An embodiment of the piezoelectric actuator will be described with reference to the drawings.

The piezoelectric actuator 10 shown in FIGS. 1 and 2 includes a laminated piezoelectric element 1 and a metal case 2 accommodating the laminated piezoelectric element 1 so that the upper and lower ends of the laminated piezoelectric element 1 abut on the inner wall. There is.

As shown in FIG. 3, the laminated piezoelectric element 1 is, for example, a piezoelectric element including a laminated body 13 in which a plurality of piezoelectric layer 11s and internal electrode layers 12 are alternately laminated.

The laminated body 13 has, for example, a rectangular parallelepiped shape having a length of 0.5 mm to 10 mm, a width of 0.5 mm to 10 mm, and a height of 1 mm to 100 mm. The shape of the laminated body 13 may be a hexagonal column shape, an octagonal column shape, a columnar shape, or the like.

The piezoelectric layer 11 is made of ceramics having piezoelectric characteristics. As such ceramics, for example, lead zirconate titanate (PbZrO _3- PbTIO ₃ ), lithium niobate (LiNbO ₃ ), lithium tantalate (LiTaO ₃ ) and the like can be used. The thickness of the piezoelectric layer 11 is, for example, 3 μm to 250 μm.

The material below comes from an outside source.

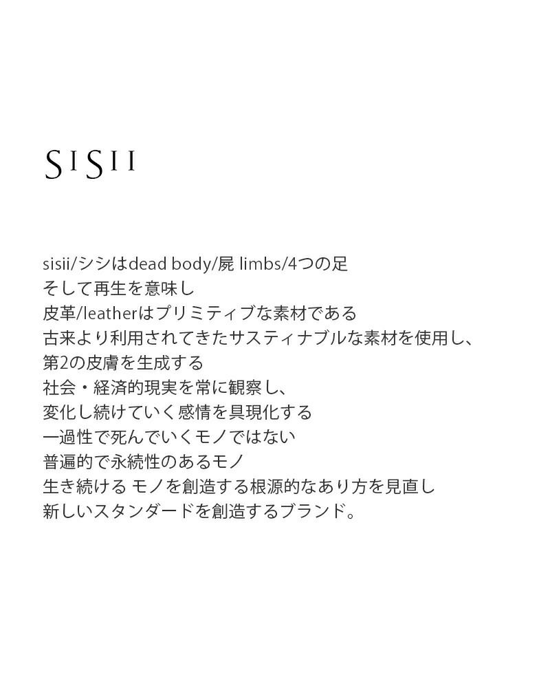 Sisiiはタイムレスに存在する。着る人の日常のなかに。 洗練されたデザインと選び抜かれた素材で形成されるSisiiは、 普遍性と自由さを備え、新たなスタンダードを表現する。 国内の自社工場でレザー職人が特別な『なめし』を施した革は、 ラフでありながら、エレガントな存在感をまとう。 ちょっとした旅行のときに、鞄にくしゃっと詰めていくような。 本当に必要なものとして、Sisiiは在ります。

The internal electrode layer 12 is formed by simultaneous firing with the piezoelectric layer 11. The internal electrode layer 12 includes a first internal electrode layer 121 and a second internal electrode layer 122. For example, a driving voltage can be applied to the piezoelectric layer 11 sandwiched between the first internal electrode layer 121 as a positive electrode and the second internal electrode layer 122 as a negative electrode or a ground electrode. Here, the first internal electrode layer 121 is drawn out on one side surface of the laminated body 13, and the second internal electrode layer 122 is drawn out on the other side surface. As such a material, for example, a conductor containing silver, silver-palladium, silver-platinum, copper or the like as a main component can be used. The thickness of the first internal electrode layer 121 and the second internal electrode layer 122 is, for example, 0.1 μm to 5 μm.

Further, the laminated body 13 may include a planned break layer 14. Here, the planned break layer 14 is a layer for relaxing the stress generated by driving the laminated piezoelectric element 1. Examples of the planned breaking layer 14 include a porous metal layer that does not function as the internal electrode layer 12, a metal layer that has been cracked in advance, and the like.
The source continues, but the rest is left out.